En 2002 est créé un bureau du renseignement pénitentiaire qui devient en 2004 l’état-major de sécurité (EMS), auquel reviennent, comme le stipule l’organigramme de l’AP, « les fonctions opérationnelles relatives à la gestion de la détention et aux questions de sécurité pénitentiaire »15. Il s’agit donc non seulement d’un service intégré mais encore disposant d’une visibilité institutionnelle au sein de l’organigramme pénitentiaire. Comptant 12 personnes, ce service, outre quelques fonctions de directions transversales, se subdivise en deux branches : la première concerne la lutte contre le grand banditisme et se répartit en quatre ramifications qui recouvrent les différentes régions de France ; la seconde concerne le terrorisme et la criminalité organisée internationale et recouvre différentes thématiques. Cette innovation au niveau de l’administration centrale s’accompagne de la création dans toutes les DI d’un délégué local chargé de cette mission dans les établissements qui eux-mêmes disposent d’officiers de renseignements. À cette structuration interne s’ajoute l’établissement de relations partenariales avec le « réseau du renseignement » français. Donc, comme cela nous a été expliqué, s’il y a rupture en 2003, c’est bien à travers la création de ce « guichet » identifiable qui met en visibilité l’action de l’administration pénitentiaire dans le renseignement. Si, ainsi que l’a dit un de nos interlocuteurs sur ce sujet, « ce n’est pas que l’organe crée la fonction, car la fonction était là avant l’organe, mais l’organe a amplifié la fonction ». La création d’EMS permet de plus de centraliser l’information en devenant le point d’entrée exclusif pour suivre les individus écroués en milieu carcéral, faisant office d’interlocuteur exclusif sur ces questions. En retour, l’AP dispose d’un partage de l’information sur les individus en question touchant à leur dangerosité éventuelle, leur profil psychologique et leurs points faibles.
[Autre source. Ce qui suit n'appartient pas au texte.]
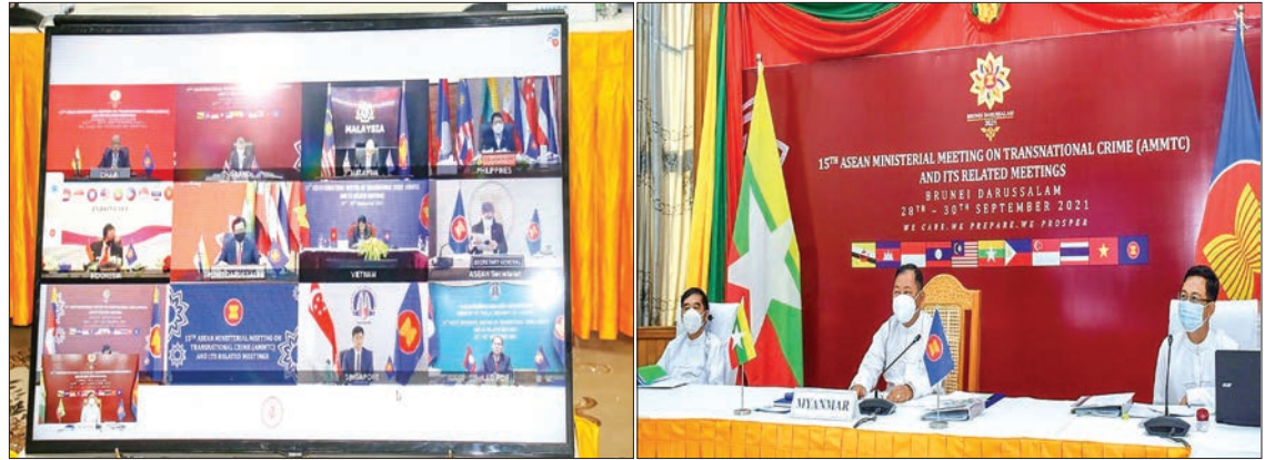
The MoHA Union Minister participates in the online 15 th ASEAN Ministerial Meeting on Transnational Crime (AMMTC) and its related meetings yesterday.

During the discussion, Myanmar AMMTC Leader, Union Minister for Home Affairs Lt-Gen Soe Htut said the need to eradicate terrorism so that there will be no opportunity for violence in the field of transnational crime; the need to cooperate in various sectors to prevent terrorism as violence, arms smuggling, illegal drugs and human trafficking are interrelated. He added that extremist ideologies are developing as false news spreads significantly faster than true news with the advancement of technology, and it is necessary to increase the efficiency of information exchange and border management in the region. He suggested establishing and implementation of a cyber-security and technology cooperation programme in the ASEAN region, as it has become easier to incite violence on the cyber
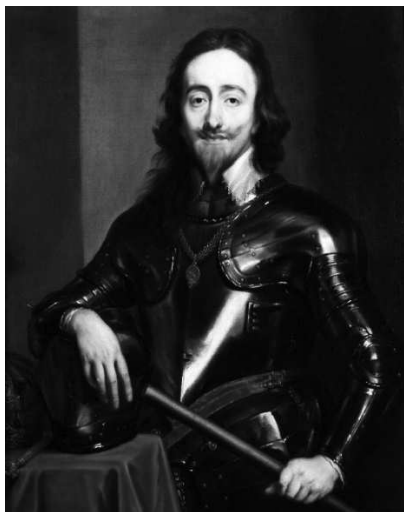
KING CHARLES I

3.2.2. De la détection des « prosélytes » à celle des détenus en voie de « radicalisation » Dans le sillage de cette première étape, l’AP s’est attelée à sensibiliser les personnels à l’observation des dérives éventuelles des personnes détenues. Dès 2004, Dominique Perben a annoncé à grand renfort de médiatisation qu’une formation des surveillants de prison « au suivi du prosélytisme » est mise en place16. On trouve également trace de cette innovation dans les notes adressées par la DAP aux établissements, faisant elles aussi référence au prosélytisme17. Comme le note Hernandez de la Mano, élève directeur, « les surveillants sont sensibilisés aux changements de comportement et ils suivent les formations afin de déceler les premiers signes d’une activité prosélyte en détention » (2006, p. 63).

C’est en effet cette catégorie qui a été retenue alors pour désigner les détenus très engagés dans la pratique religieuse et développant une emprise religieuse sur leurs codétenus, amenant ces derniers soit à intensifier leur pratique, soit – pour les non-musulmans – à

15 Pour plus de détails sur la création de ce service et son action voir Laurent Ridel, 2012, « Les outils développés par l’administration pénitentiaire en matière de sécurité », Cahiers de la Sécurité, n°20 (juin), p. 112-115 ; Nicolas Jauniaux et Dimitri Zoubas, 2012, « L’administration pénitentiaire au cœur du réseau partenarial du renseignement », Cahiers de la Sécurité n°20 (juin), p. 116-119 ; ou encore Nicolas Jauniaux et Stéphane Scotto, 2012,« Le défi du renseignement », Cahiers de la Sécurité n°13 (juillet-septembre), p. 51-55.

16 On trouve à ce sujet de nombreux articles dans les médias.

17 Notes auxquelles nous n’avons pas eu accès.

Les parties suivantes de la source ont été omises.